Category: status report

Turns out the numbers that I had gotten for Chamfer distance were off and they were even closer than I expected to the reference :). I got support for multiple spheres working and I was able to come up with a new visualization to confirm the fluid simulation traces matched as well.

My goal for this upcoming week is to re-generate all of the reference fluid simulations, record those and get log files, and then get log files from the FPGA fluid simulations and get Chamfer distance numbers. I also want to use the new visualization method to compare the fluid simulations as point clouds for easier visual verification. This will also provide as a nice graphic for all of our presentation materials.
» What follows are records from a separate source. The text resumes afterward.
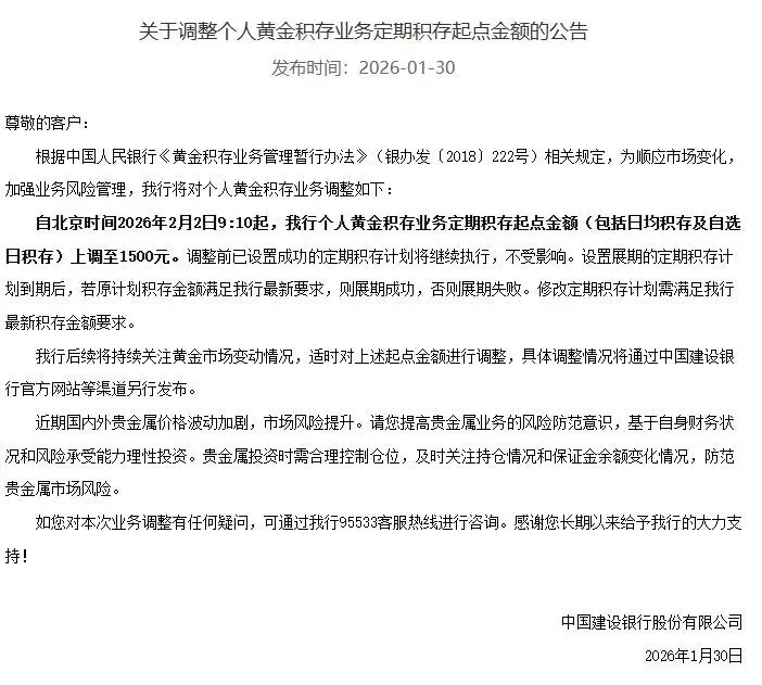 建设银行宣布,自北京时间2026年2月2日9时10分起,个人黄金积存业务定期积存起点金额(包括日均积存及自选日积存)上调至1500元。调整前已设置成功的定期积存计划将继续执行,不受影响。
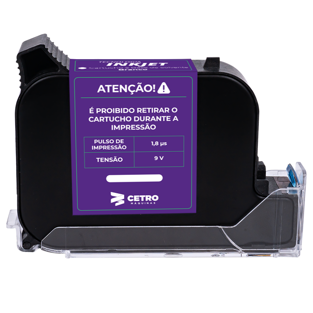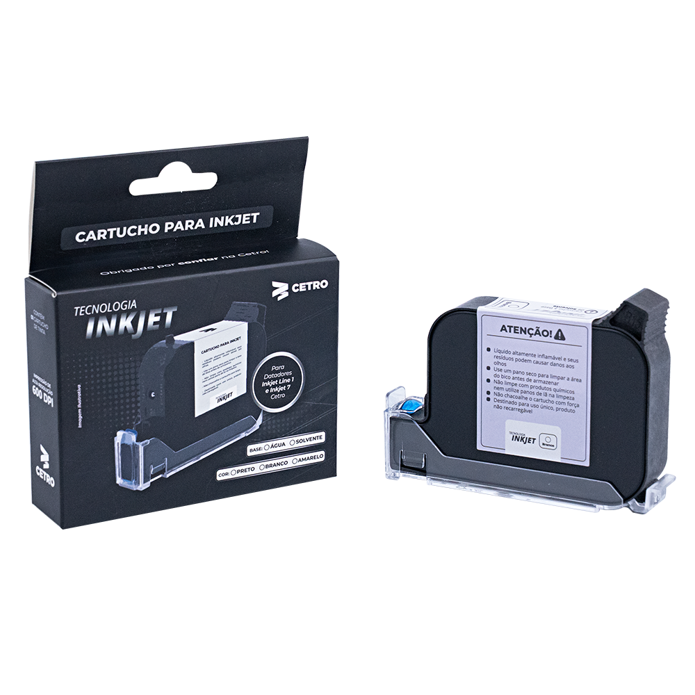 O Cartucho para Inkjet à Base de Solvente da Cetro é desenvolvido exclusivamente para o Datador Inkjet Line 1 e para o Datador Inkjet Handjet 7 da Cetro. Com rendimento em média de 800.000 caracteres, com largura da fonte na média de meio milímetro, o Cartucho à base de solvente é de alta aderência, garantindo nitidez e alta resolução na impressão. Ele é desenvolvido para realizar o processo em diversos tipos de superfícies, como: papelão, papeis em geral, vidros, plásticos, garrafas e muitos outros tipos de embalagem.
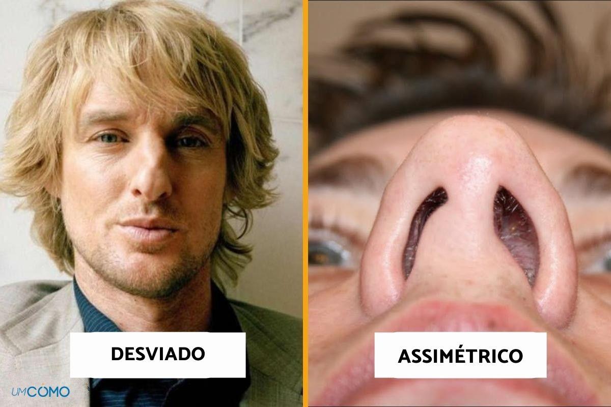 Não é exatamente o mesmo que o tipo de nariz ondulado ou desviado, pois nos narizes assimétricos, é o septo interno, aquele que separa as duas narinas, que apresenta o desvio, de modo que as narinas não são simétricas. A sua correção implica procurar essa simetria e também consegui-la tendo em conta a harmonia que deve existir não só entre as duas cavidades do nariz, mas também entre os dois lados da própria face.
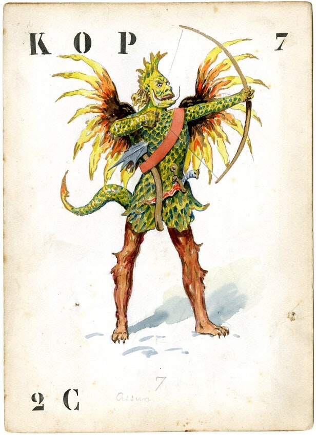 Wikstrom started as an assistant to a fellow Swedish immigrant, Charles Briton. Briton arrived in New Orleans in 1865, and worked for a time with lithographer Emile Boehler, eventually devoting his artistic talents to Carnival. While he designed floats, invitations, and all the other Krewe materials, his costumes are the most ingenious. His 1882 “Ancient Egyptian Theology” illustrations for the Krewe of Proteus morphed participants into a hieroglyphic-adorned Horus and Anubis, and the 1873 “Missing Links” for Comus metamorphosed humans into beetles, coral polyps, ears of corn, grasshoppers, and leeches.
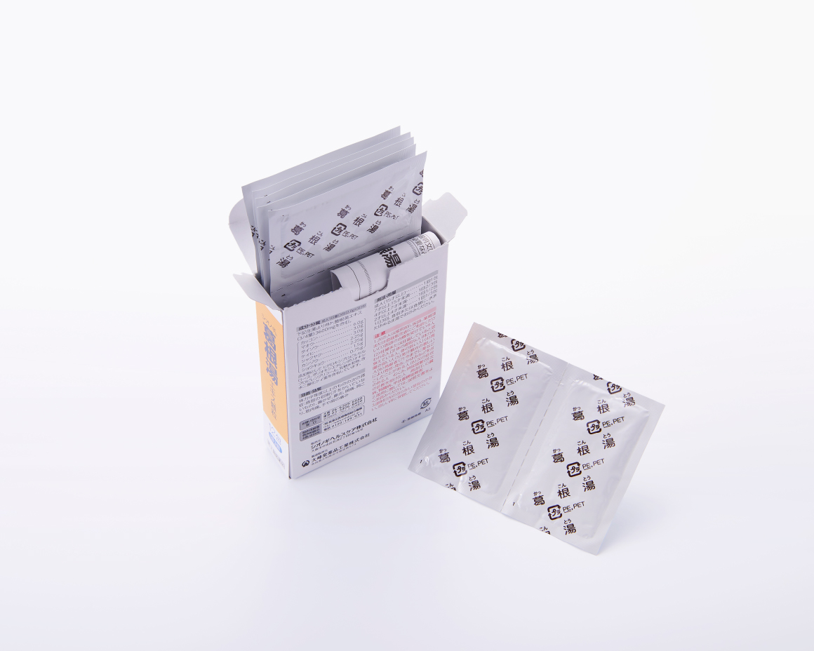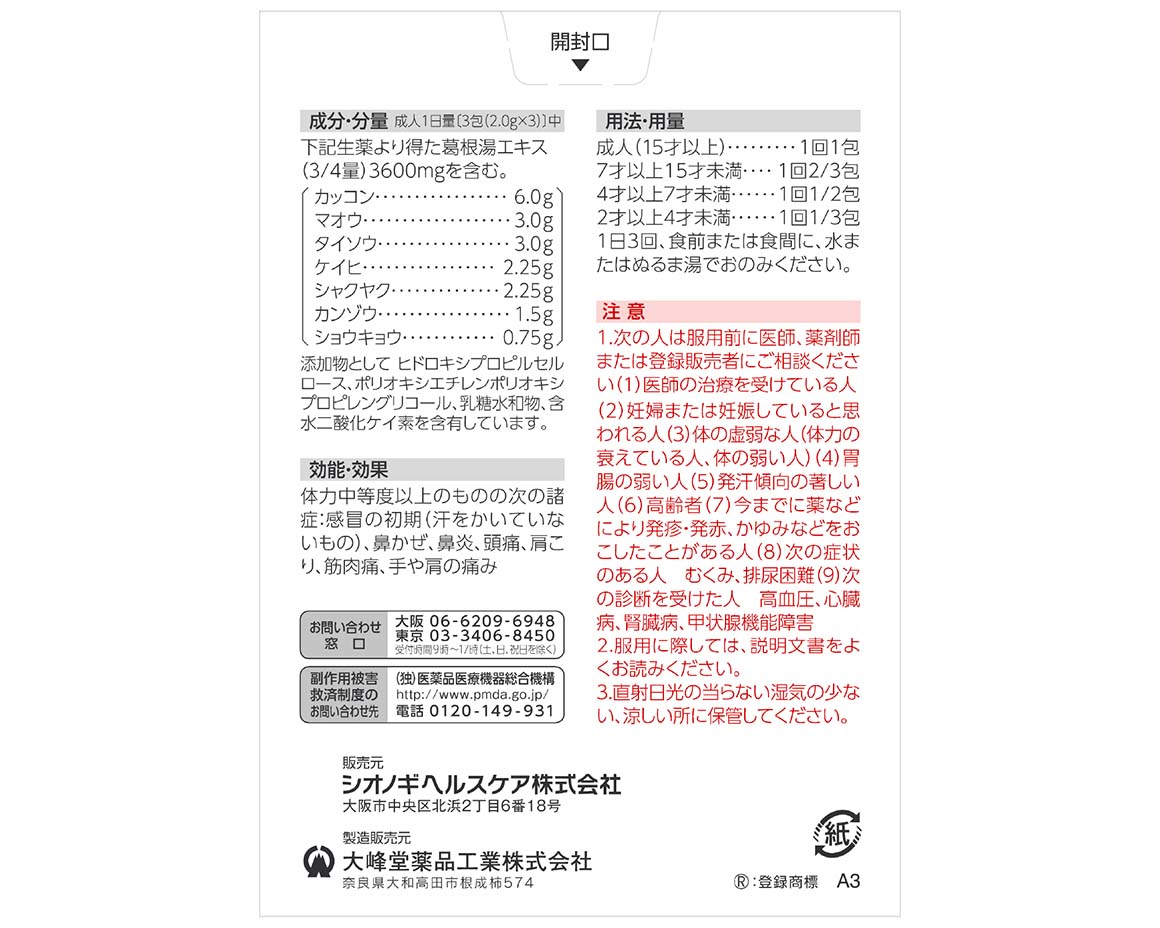 (3包中)葛根湯エキス(3/4量): カッコン 6.0g、マオウ 3.0g、タイソウ 3.0g、ケイヒ 2.25g、シャクヤク 2.25g、カンゾウ 1.5g、ショウキョウ 0.75g、より得たエキス 3600mg
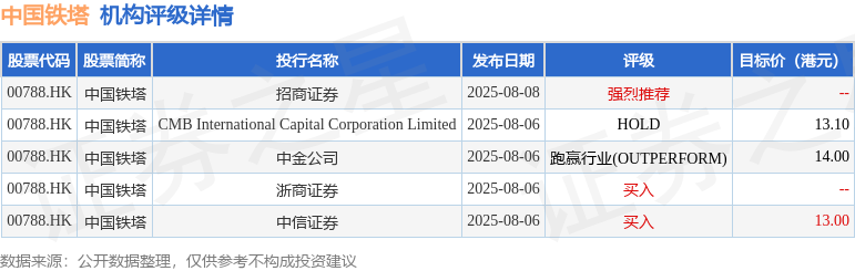 投行对该股的评级以买入为主,近90天内共有2家投行给出买入评级,近90天的目标均价为13.37港元。招商证券最新一份研报给予中国铁塔强烈推荐评级。
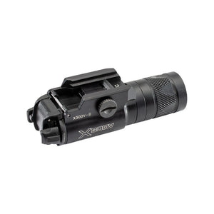 SUREFIRE X300V je podvěsná zbraňová svítilna s vysoce výkonnou LED a IR pro použití s nočním viděním.Svítilna generuje 350 lumenů (13 000 candela) bílé světlo zaostřené pomocí (TIR) čočky do úzkého a jasného paprsku s dlouhým dosvitem a také výrazným prostorovým svitem nebo IR s výkonem 120mW. Prakticky nezničitelná a vysoce efektivní LED poskytuje dostatek světla ať už k nasvícení prostoru, tak k nasvícení cíle v zájmové oblasti. Doba svitu s bateriemi CR123A je 1hod 50min. X300V je vyrobena z vysoce odolné a nárazuvzdorné slitiny leteckého hliníku s povrchovou úpravou tvrdý-elox dle specifikace Mil-Spec. Všechny spoje jsou zatěsněny O-kroužkem pro použití za každého počasí. Díky svému upínacímu systému může být svítilna připevněna k pistoli, nebo dlouhé zbrani vybavené univerzální nebo picatinny lištou (MIL-STD-1913). Oboustranný kloubový spínač umožnuje uživateli zapnout mžikové nebo stálé světlo pouze jedním prstem. Pro dlouhou zbraň je třeba použít jiný spínač.
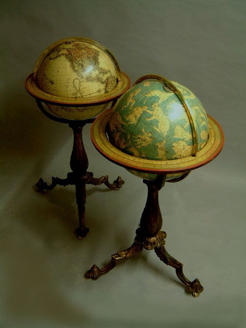 We have produced these superb globes on fine intricate bronze floor standing tripod stands, the design is taken from the same stand design that Charles Copley used, however it should be noted that Copley produced his stands in cast iron, this being the most readily available and economical material at the time.
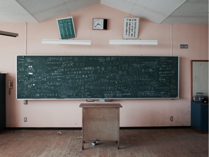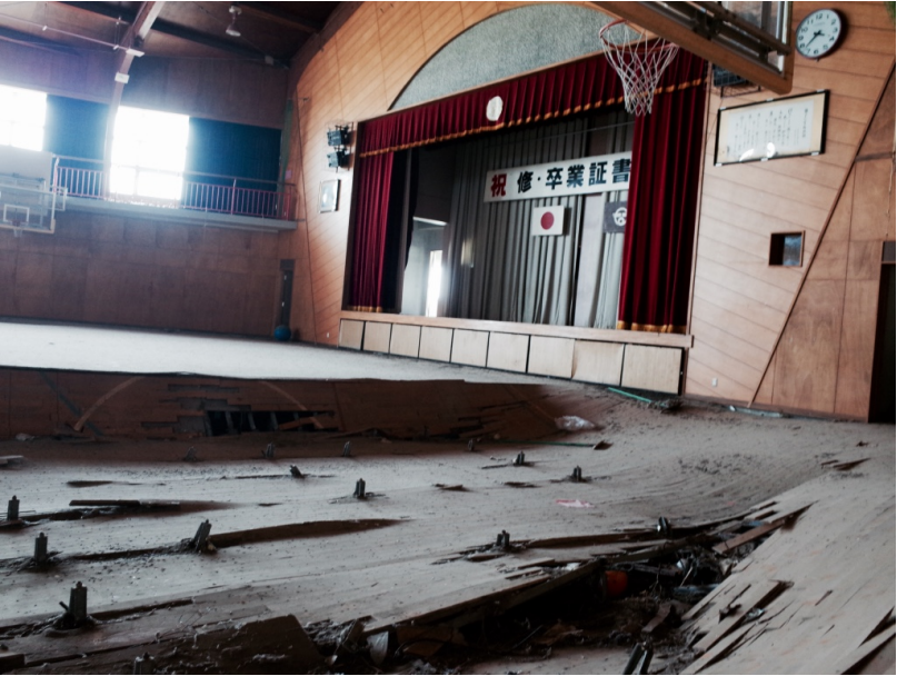 我記憶中的福島,無⼈的空城,更像⼀座⼤型⽚廠,鏡位⼀切都有點傾斜的廢墟。⼤約像是哥吉拉東京上陸之類的⽚⼦。畫⾯來得太快,無⼒形容。最驚⼈的或許不是空間,是時間。就在你發現⼩學校裡所有的時鐘都停在同⼀個時間的那⼀刻(這⼀幕很難不讓⼈聯想起⽇本攝影家東松照明的長崎原爆影像〈11時02分〉)。下午3點38分,那是海嘯來的時候,福島斷電失去了電⼒,福島第⼀核電廠失去反應爐。請⼾漁港邊的請⼾⼩學校,這裡距離福島第⼀核電廠只有五公⾥,海嘯在四⼗分鐘後抵達,國⼩禮堂的地板都變成了海波浪,非常寧靜⽽且完整地記憶了時間的所有形狀。

We’ve more or less locked down our final code version,  just need to verify everything and document all of our hardware improvements with timing numbers. Feeling great that our project finally has something visual for results 🙂

The FPGA finally produces visually appealing fluid simulation output! I has to fix some nearest neighbors code and then I spent the majority of this week getting collisions of fluid particles to work.

We constrained the voxel space to [-4,4), [-6,2), [-4,4). The original algorithm uses voxels of the same size as the particle, but this would require us to make an array of size 65536, which requires approximately 1500 BRAMs when the max limit is 438. Therefore we decided to make the voxels 8 times bigger. I initially thought this would make the fluid explode due to an increased number of particles influencing each other, but we tested this and it was fine.

Currently Jeremy and Ziyi are working on the optimizations, so my primary goal for next week is to get numbers for quantitative accuracy.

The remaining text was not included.